将小写的字符串转换为大写？ 在C中

Question

My professor gave me some exercises in C language... In one of them I have to pass a string as an argument to a function, this function will verify the existence of lower case letters in the array and convert it into upper case letter;

Actually there's a function to do such a thing, but I can't use string.h.

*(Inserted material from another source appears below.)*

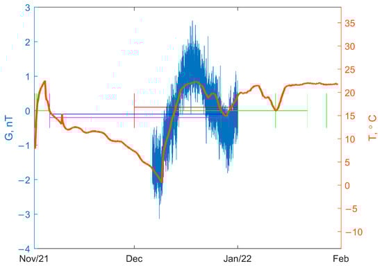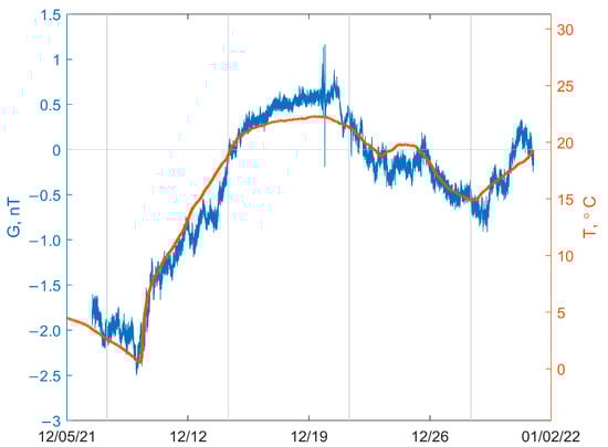 The temperature-dependent deviations of G from their usual permissible values during the first 12 days of December turned out to be too large, and the G plot itself was no longer a criterion of the quality of the obtained data, but a scaled and shifted temperature plot. As in the case of the data for February of the same year, adjusting the G plot by discarding the observed baseline values was unsuccessful due to the impossibility of accounting for intraday temperature variations. While the February 2021 G plot shown in Figure 2 was somehow acceptable as a criterion for the quality of the quasi-definitive data [], the December 2021 G plot shown in Figure 5 cannot be evidence of the reliability of the obtained data.

Does anyone have an idea to do it?

void converterup(char palavra[])
{
    int i;

    for(i = 0; i < 10; i++)
    {
        if(palavra[i] != 'a')
        {
            palavra[i] == 'A';
        }
    }

Would be something like this?

Answer 1

you need to include <ctype.h> before using function toupper , then use it like in example below (I edited your code, need to adjust it for your needs):

for(i = 0; i < 10; i++){
    palavra[i] = toupper(palavra[i]);
}

this loop will convert 10 first characters to their upper ascii equivalents

or if you cannot use standard functions, you can use function like this:

char myUpperChar(char x){
    const int delta = 'a' - 'A'; //'a' has ascii code 97 while 'A' has code 65
    if(x <= 'z' && x >= 'a'){
        x -= delta;
    }
    return x;
}

Answer 2

If a character is between 'a' and 'z', you could just add ('A' - 'a') to it to convert it to upper.

char input, output;
int diff = 'A' - 'a';

output = input;
if ('a' <= input && input <= 'z')
  output += diff;

return output;

Answer 3

I guess your professor is expecting something more basic without external functions, like this.

char str[] = "hello";
int len = sizeof(str) / sizeof(char);
int i;
for(i = 0; i < len; i++) {
    int ascii = str[i];
    if(ascii >= 97 && ascii <= 122) {// 97 => 'a' and 122 => 'z' in ascii
        str[i] = (char) (ascii - 32); // 32 is the ascii substraction of lower 
    }                             // and upper letters 'a' - 'A'
}

Then output would be:

HELLO

Answer 4

function will verify the existence of lower case letters in the array and convert it into upper case letter;

I can't use string.h.

Then you have to do conversion yourself. Take a look at the ASCII chart. Then you can notice that small and capital letters are 0x40 apart. 0x40 happens to be space ' ' ;

Loop through your array and convert only the small letters

arr[i] <= 'z' && arr[i] >= 'a'

remember that small and capital letters are ' ' apart.

arr[i] = arr[i] - ' ' ;

advance to next character in the array by increasing the index i++ and stop when you encounter the end of the string arr[i]=='\\0' .

#include <stdio.h>

void converterup(char arr[])
{
    size_t i = 0;

    if(arr == NULL) return;

    while(arr[i]) // loop till the '\0'; this is equivalent to `arr[i]!='\0'`
    {
        if(arr[i] <= 'z' && arr[i] >= 'a'){
          arr[i] = arr[i] - ' ' ;
        }

        i++;
    }
}

int main(void)
{
    char str[] = "Hello World!";

    converterup(str);

    printf("%s",str);

    return 0;
}

Test:

HELLO WORLD! 

Answer 5

Check out my code guys, is it acceptable?

#include <stdio.h>
#include <stdlib.h>
#include <locale.h>

    void strupr(char palavra[])
    {
        int i;

        for(i = 0;palavra[i] > 60 && palavra[i] < 122; i++)
        {
            printf("%c", palavra[i] - 32);
        }
    }

    int main(void)
    {
        setlocale(LC_ALL, "");
        char palavra[10];

            printf("Insira uma palavra maiúsculas: "); gets(palavra);
            printf("Valor com conversão: ");
            strupr(palavra);


        return 0;
    }